Muitas das peças da Zetafonts refletem orgulhosamente a sua herança italiana. ter Artusiem homenagem ao grande gourmet; Montelchiinspirado em Piero della Francesca madona delpato;e Florençacelebrando a história da cidade. Outros exploram diferentes capítulos da cultura visual italiana usando gráficos modernistas das décadas de 1920 e 1930 ou detalhes arquitetônicos espalhados por Florença.

Nem toda fonte pode ser um sucesso comercial. Pancini ri e diz que alguns dos produtos favoritos da equipe também são os que vendem mais lentamente. “É um pouco como publicar um livro. Você precisa de best-sellers para poder publicar mais trabalhos experimentais.” Esse best-seller é Coco Gansobaixado milhões de vezes e usado em campanhas, incluindo Cadeia de recrutamento Música com Sting. Ironicamente, sua popularidade se deve em parte às suas imperfeições. “Tinha um bug”, admitiu Pancini. “As letras minúsculas são excepcionalmente altas. Tecnicamente, não são perfeitas, mas tornam o texto surpreendentemente legível.”

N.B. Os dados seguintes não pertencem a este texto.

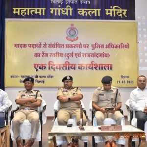 भिलाई नगर 19 मार्च 2025:- Narcotics Control Bureau के अधिकारीयों ने दिया प्रशिक्षण  19 मार्च 2025 को महात्मा गांधी कला मंदिर, सिविक सेंटर में दुर्ग एवं राजनांदगांव रेंज के पुलिस अधिकारियों और विवेचकों के लिए मादक पदार्थों से संबंधित प्रकरणों की प्रभावी विवेचना पर एक दिवसीय रेंज स्तरीय कार्यशाला का आयोजन किया गया। इस कार्यशाला में 150 से अधिक विवेचक एवं अधिकारी सम्मिलित हुए।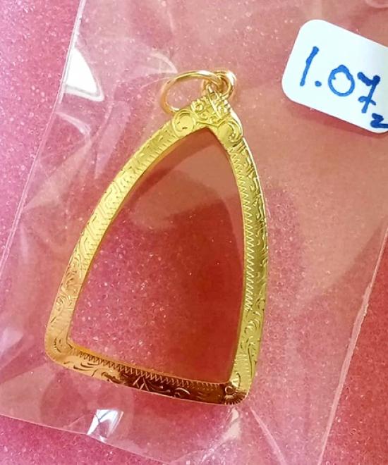 กรอบทองคำแท้ยกซุ้มสิงห์ ใส่กลีบบัวรุน1/รุ่น1หลวงปู่ทวด/พระชัย/กริ่ง/แม่ชีบุญเรือน/ที่มีขนาดใกล้เคียงจอในกว้าง1.7ซม.สูง2.6ซม.พระกริ่ง/ชัยที่ใส่ต้อง1.5*2.4น้ำหนัก 1.07กรัม |

No entanto, o design de tipos nunca se trata apenas de estética. Alguns dos projetos mais significativos da Zetafonts são através cooperação intercultural. Quando solicitado a desenvolver uma versão árabe de uma fonte existente, o estúdio trabalhou com o designer Omaima Dajani, de Jerusalém, e com o tipógrafo israelense Oded Ezer. Não é apenas um projeto de tecnologia. Percebemos que estávamos ouvindo dois roteiros e, de certa forma, duas culturas. A tipografia pode parecer uma coisa pequena, mas pode fazer você pensar em questões maiores. Trata-se de comunicar e conectar pessoas. “

O fundador da Zetafonts conversa com a editora-chefe da TF, Helen Farrell

Essa crença no design como conexão vai além do trabalho comercial. Manetti lidera lute pela bondadeuma iniciativa sem fins lucrativos que convida designers de todo o mundo a criar cartazes que exploram a gentileza como uma escolha social ponderada, em vez de uma característica pessoal. O projeto, agora em seu quinto ano, reuniu mais de 1.000 pôsteres de 48 países e dezenas de idiomas e sistemas de escrita. Todo mês de novembro, próximo ao Dia Mundial da Gentileza, exposições organizadas por voluntários locais são realizadas em lugares de Los Angeles à Indonésia e China. “Sabemos que a tipografia em si não pode mudar o mundo, mas pode convidar as pessoas a parar, refletir e pensar de forma diferente. A bondade é muitas vezes mal interpretada como fraqueza. Queríamos mostrar que esta é na verdade uma escolha consciente.”

educar tornou-se outra pedra angular da filosofia Zetafonts. O estúdio fornece fontes gratuitas para universidades, organiza workshops e promove o design de fontes como algo divertido, em vez de intimidador. “Queremos que as pessoas se lembrem de que a tipografia pode ser divertida.”

Permanecer criativo depois de 25 anos na indústria é talvez o maior desafio. Para Manetti, a resposta está Recuse-se a separar trabalho e vida. “Como confirma a literatura de psicossíntese, um dos maiores erros é separar a vida pessoal da profissional. Somos um só povo. Procuramos fazer tudo de forma consciente: nos divertir, pagar as contas e encontrar o equilíbrio.” Sua filosofia sobre criatividade é agradavelmente simples. “A parte mais importante do processo criativo é fazer perguntas, não respostas.”

Para um estúdio cujo trabalho influencia silenciosamente a forma como milhões de pessoas interagem com as palavras todos os dias, a abertura à curiosidade pode ser a sua maior fonte.